> Data section:
-------------------------
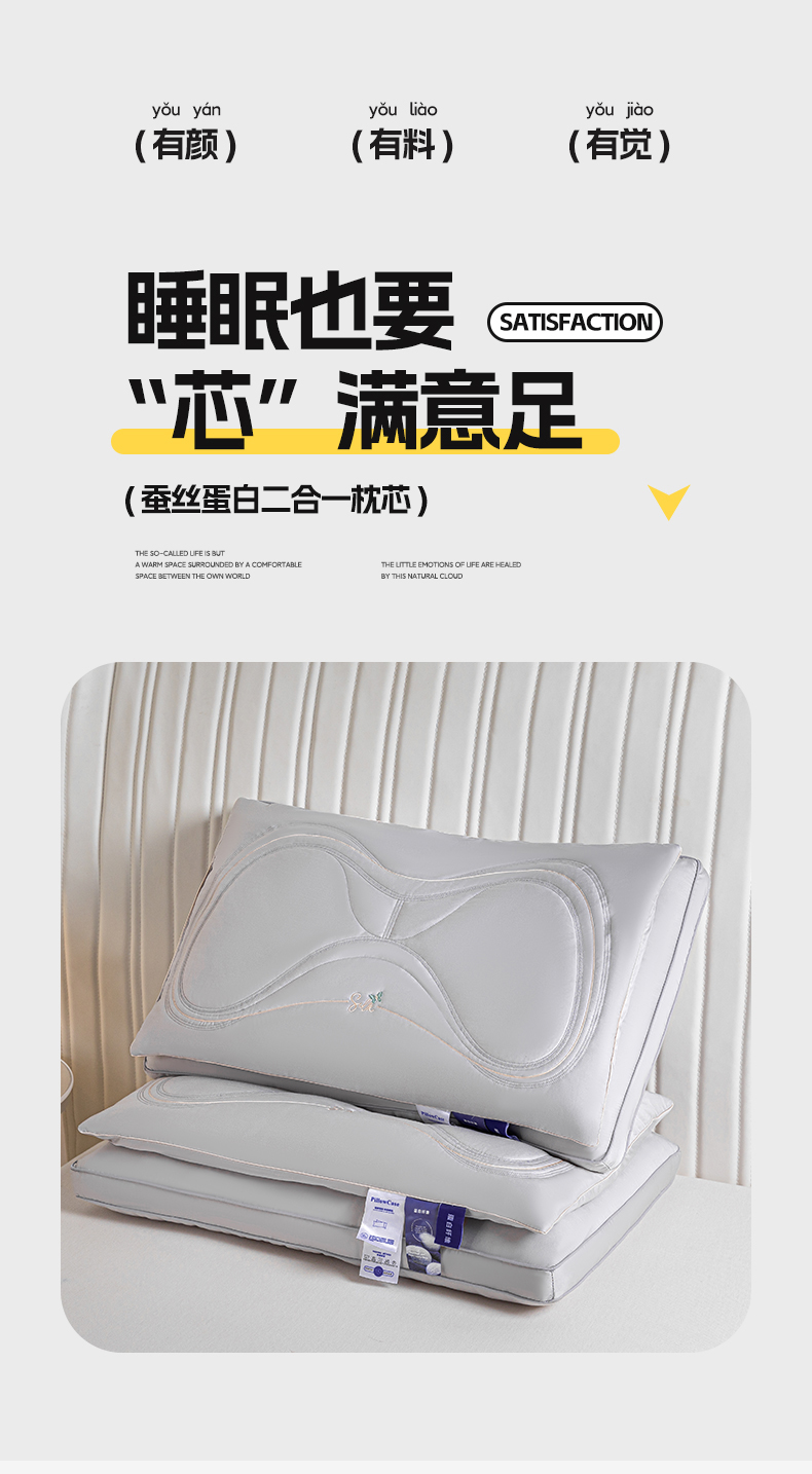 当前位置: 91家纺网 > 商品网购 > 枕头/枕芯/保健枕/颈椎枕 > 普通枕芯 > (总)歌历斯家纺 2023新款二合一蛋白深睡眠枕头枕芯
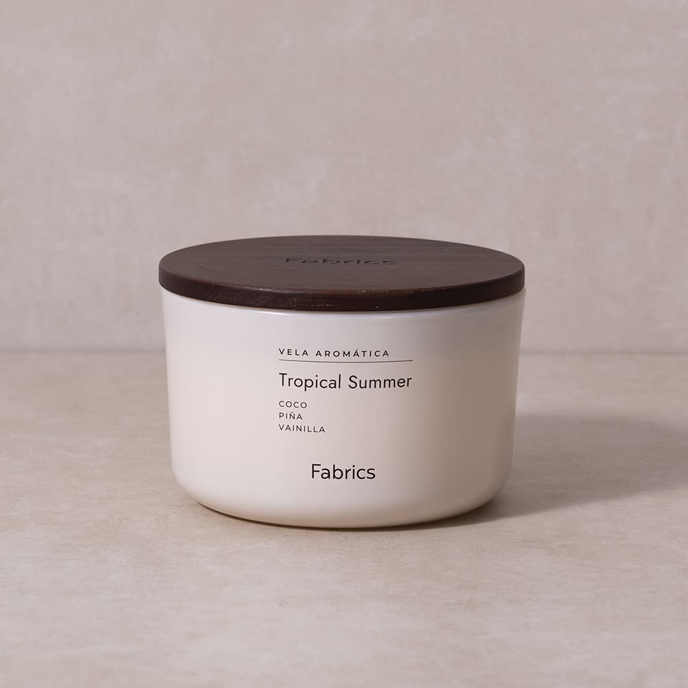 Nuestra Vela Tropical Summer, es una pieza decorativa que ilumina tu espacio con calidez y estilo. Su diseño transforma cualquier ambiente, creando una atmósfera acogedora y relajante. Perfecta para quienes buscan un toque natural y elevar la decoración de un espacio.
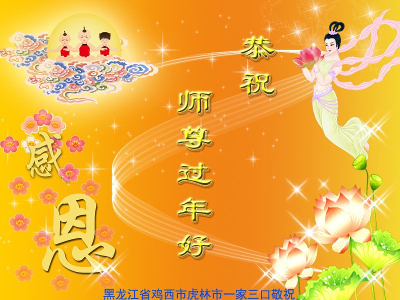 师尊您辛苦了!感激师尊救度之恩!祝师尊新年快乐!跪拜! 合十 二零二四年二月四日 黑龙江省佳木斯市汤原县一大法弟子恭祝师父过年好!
-------------------------
Output the listing above in full, exactly. No images.

> Finished exercise:
 当前位置: 91家纺网 > 商品网购 > 枕头/枕芯/保健枕/颈椎枕 > 普通枕芯 > (总)歌历斯家纺 2023新款二合一蛋白深睡眠枕头枕芯
 Nuestra Vela Tropical Summer, es una pieza decorativa que ilumina tu espacio con calidez y estilo. Su diseño transforma cualquier ambiente, creando una atmósfera acogedora y relajante. Perfecta para quienes buscan un toque natural y elevar la decoración de un espacio.
 师尊您辛苦了!感激师尊救度之恩!祝师尊新年快乐!跪拜! 合十 二零二四年二月四日 黑龙江省佳木斯市汤原县一大法弟子恭祝师父过年好!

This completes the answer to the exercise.